▶ PROBLEM
Where the line holding "What do a governor, a" appears, start copying, and continue exactly through the last line of the listing, skipping pictures.

▶ INFORMATION SHOWN
########################################
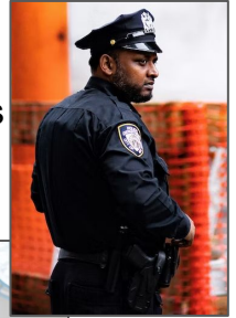
A police officer

What do a governor, a nurse, and a teacher all have in common? They are all public servants. Public servants are people who all work to benefit the public. Public service refers to the work and activities that focus on people’s needs and the importance of the public good. Some examples of public servants would be those who work in healthcare, education, law enforcement, military, government officials, or transportation. Public service is important for so many reasons! These individuals work hard to keep our community safe, provide basic needs for the community, and address community problems as quickly as possible. Our government wouldn’t be able to function ( work ) without the selfless work of public servants and the services they provide.
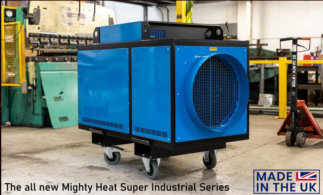
The all new Mighty Heat Super Industrial Series
########################################
▶ TASK OUTPUT
What do a governor, a nurse, and a teacher all have in common? They are all public servants. Public servants are people who all work to benefit the public. Public service refers to the work and activities that focus on people’s needs and the importance of the public good. Some examples of public servants would be those who work in healthcare, education, law enforcement, military, government officials, or transportation. Public service is important for so many reasons! These individuals work hard to keep our community safe, provide basic needs for the community, and address community problems as quickly as possible. Our government wouldn’t be able to function ( work ) without the selfless work of public servants and the services they provide.
The all new Mighty Heat Super Industrial Series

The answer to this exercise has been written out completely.